Ho cominciato a lavorare a questa storia quattro anni fa, ancor prima di dare alle stampe il mio memoir su Giorgio Manganelli Un ossimoro in Lambretta. Ma è indubitabile che l'editore abbia acchiappato al volo questa coincidenza. Anche se là si parla di aristocrazia inglese e qui di una famiglia della media borghesia. Il marito della protagonista, che poi resta vedova, è un dotto studioso del Vicino Oriente Antico. Nella casa del professore e di sua moglie corrono più libri che soldi. Ma questo non elimina certe grettezze che i “signori" scaricano sui domestici che si avvicendano negli anni. Se il professore fosse stato un commerciante destrorso, forse avrei intitolato il romanzo A destra in fondo al corridoio. Invece lui e sua moglie Clara si considerano dei ferventi democratici. Temo che la sinistra abbia perso ormai da tanto tempo la sua capacità di interagire con molte parti della società. È uno dei suoi grandi problemi. 

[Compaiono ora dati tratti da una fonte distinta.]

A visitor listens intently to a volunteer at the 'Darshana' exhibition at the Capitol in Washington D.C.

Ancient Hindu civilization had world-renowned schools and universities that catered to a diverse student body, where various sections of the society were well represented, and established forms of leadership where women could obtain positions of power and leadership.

Ma succede qualcosa di particolare in quell'appartamento e in quel corridoio?

Se cerchiamo un delitto, con tanto di cadavere e omicida, questo no. Non siamo dalle parti de Le serve di Jean Genet. Ma quotidiani e crudeli delitti contro la dignità, e alcuni omaggi all'indifferenza, sono assicurati. Ho scelto volutamente un tono lieve, un po' sarcastico, che spero diverta il lettore. Posso avere una scrittura che sfiora la malinconia o il dolore (è successo in altri miei libri), ma per natura rifuggo dal mugugno letterario. Senza contare che questo sguardo obliquo mi ha consentito di mettere in scena personaggi e luoghi che di solito non abitano la nostra narrativa. Per esempio, sono molto affezionata a un ciabattino della Bufalotta che ha un suo peso nel racconto; o alla banca filippina che sta alla Stazione Termini dove va la domestica Melinda a spedire i suoi denari a casa… E dove, parlando la sua lingua, medica la propria nostalgia.

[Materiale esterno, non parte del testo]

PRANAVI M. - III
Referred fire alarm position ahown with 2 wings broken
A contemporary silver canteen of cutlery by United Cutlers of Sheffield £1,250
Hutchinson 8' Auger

E poi, ogni tanto, c'è un box con dei dati…

Inusuale per un romanzo. Vogliamo chiamarla "commistione dei generi"? In realtà sono dieci righe per ognuno degli otto capitoli. Tenevo a illuminare lo stato delle cose con qualche elemento in più. La mia speranza è che i personaggi abbiano la forza di trascinare il lettore fino alla fine con la vivacità dei loro caratteri. Mi pare che questo succeda, ma non sono io a poterlo dire.

La maggior parte dei domestici sono stranieri

Oggi sì. Vista la nostra endemica scarsità di servizi sono ormai indispensabili per assistere gli anziani. Però è un esercito di invisibili, i cui diritti sono spesso elusi, ignorati e traditi. Le cui emozioni, ferite, nostalgie, hanno scarso diritto di cittadinanza. Ma ripeto, questo è un romanzo, non un saggio: e dunque ci sono amori e disamori, tradimenti e sgambetti, sorellastre invidiose e belle ragazze, e non mancano dei fatali colpi di scena, delle trattative all'ultimo sangue sulla proprietà dell'appartamento. Che ha un debito con quello costruito per dallo scenografo Luciano Ricceri per film di Ettore Scola La famiglia: per segnare il trascorrere dei decenni la macchina da presa faceva un lungo carrello in avanti in un lungo corridoio. Una sequenza che si ripeteva più volte nel film, e che non ha mai smesso di suggestionarmi.

Non credo sia un caso che negli appartamenti di oggi il corridoio è quasi scomparso. È uno spreco di spazio, ma è anche una terra di nessuno, un altrove fortemente simbolico, un «luogo non luogo», per dirla con Manganelli. È stato divertente metterlo al centro di un romanzo.